When you’re developing your character in terms of you have no memory at first, and he sort of evolves over the time. In working with that, he has some eternal characteristics. He’s immediately ruthless. He’s willing to be, without hesitation, ruthless.

It’s instinctively ruthless. And that’s what I liked. In all good westerns, the good guy is always a little bit questionable because he kind-of has to make moral judgments. There’s an instinct within him, which is about survival and killing, I mean, let’s be honest. And during the movie, there’s a sort-of redemption about that. He wakes up for the first time through this awful experience. With Harrison’s character as well, he’s going through a sort-of redemptive process as well. That appealed to me, it gives it a few more levels and I kind of like bad guy, good guys. They’re kind-of the more interesting people.

On that same level, I know you’ve done it more directly with James Bond, but this type of character Jake is, is sort-of a trope unto itself for the western: the silent, strong type. And I’m curious, what the challenge was in trying to take a very familiar character that’s been played by many characters over the years and give it your own flavor to it?

I just wanted to play a cowboy for a long time. I don’t know really. I give it everything I could in the sense that I watched as many westerns as I could. I’ve always watched them. I’ve always seen them. You choose the costume, the chaps go on, the hat goes on, and you kind of just give it your all. I’m just lucky to be given the chance to do it, as far as I’m concerned.

Do you revert to a sense of childhood in playing cowboys and Indians?

I’ve always reverted to a sense of childhood, just in everyday life.

My favorite line in the film is yours and it’s just when you and Olivia crash that ship and you just look at her and go: “We were just flying.” That didn’t seem like, that was just you.
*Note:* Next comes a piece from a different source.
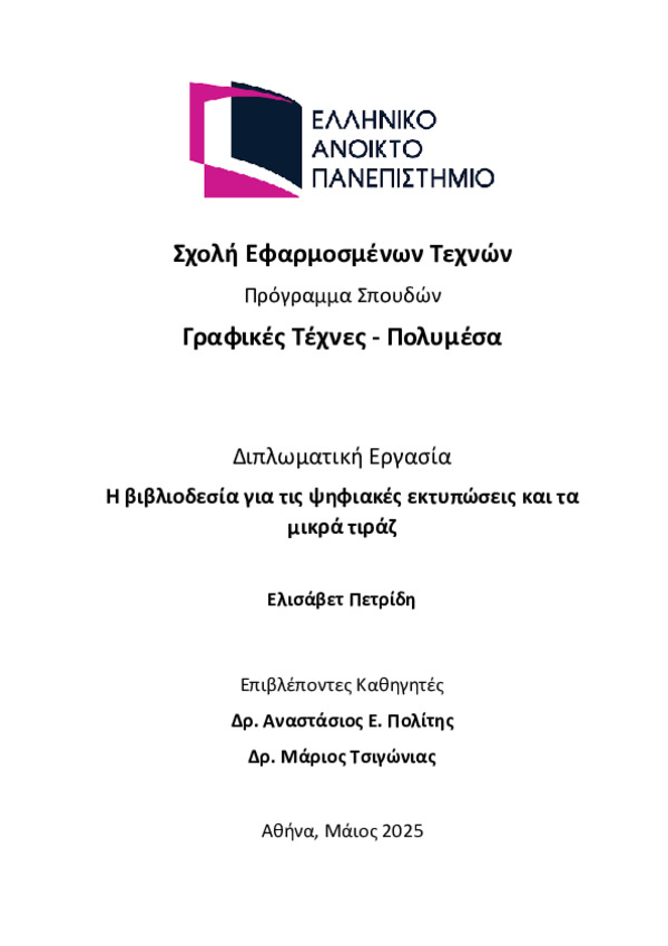 - Διπλωματική Εργασία: Η βιβλιοδεσία για τις ψηφιακές εκτυπώσεις και τα μικρά τιράζ

Again, the thing about combining the two things, you kind-of, trying to base everything in reality, therefore the reactions are going to be kind-of as real as they can be and then, hopefully, there’s some humor comes out of it because it’s like “Fuck, what the fuck just happened?” These people are kind of 1870, I imagine, people in the west weren’t really thinking about life on other planets.

Not a lot of hot air balloons. Even just flying at all, that’s 35 years before the Wright brothers.
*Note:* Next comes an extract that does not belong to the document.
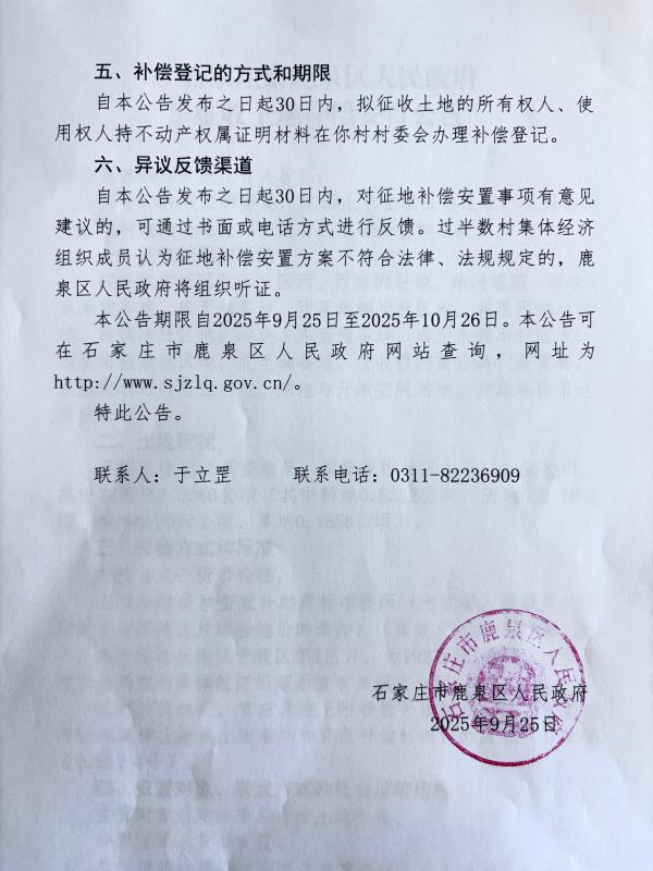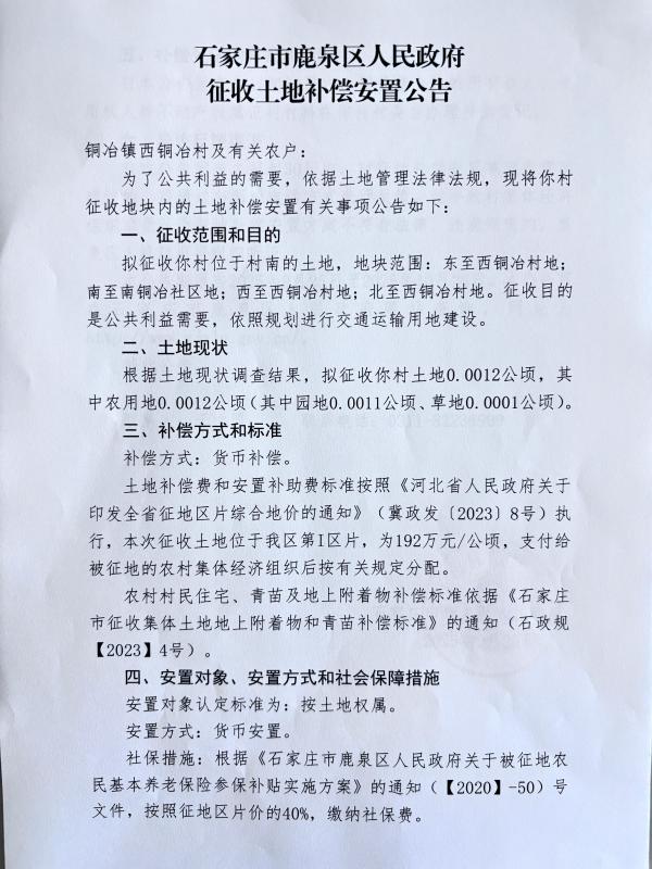 石家庄市鹿泉区人民政府征收土地补偿安置公告(铜冶镇西铜冶村)

I’m sure the concept of it had gone through people’s minds. People have fallen off cliffs before, they were flying for a moment, but it’s not the same. [laughs] Douglas Adams’ books, they say: flying is just falling over and missing the ground. It was trying to keep it as real just as possible.
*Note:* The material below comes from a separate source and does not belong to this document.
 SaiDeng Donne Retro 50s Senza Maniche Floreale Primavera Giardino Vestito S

So how difficult was it to keep it real because I know Olivia was saying that there were football players dressed up with angry faces on tennis balls instead of aliens? So was it difficult to hold it together through this?

They can movie quick, Christ all mighty. Yes in a way, but no in another way. Because ultimately, you’re plugged to use your imagination as an actor and that’s part of the job and we laughed about it. You kind of have to see the absurdity of it, but you’re giving your faith over to some really technically brilliant people in Industrial Light and Magic, and having total faith that they are going to be able to make it real and you’ve got to give them the reactions. If you don’t give it to them, they’ve got nothing to work off. In spite of the fact we were giggling about it, we had to commit to it as well.

And when Jon was playing an alien?

Oh, did he play an alien?

She said he did.

He might well have done. He’s in the movie in little bits. I think he’s on a wanted poster in the jail.

Did you train with a dialect coach?

I had one on set with me all the time. And then I cut as many lines as I possibly could. [laughs] That was my main thrust on that.

Was it difficult for you to get the American accent?

The one thing that I wanted to do, I didn’t want to make it too kind of southern because I think it would’ve stood out. I wanted it, hopefully the idea is that people watching went “oh, he’s talking like that” and then forget about it, so that was the aim.

As a fan of western films, was there a particular staple that you really couldn’t wait to film or was really important for you to be in the movie?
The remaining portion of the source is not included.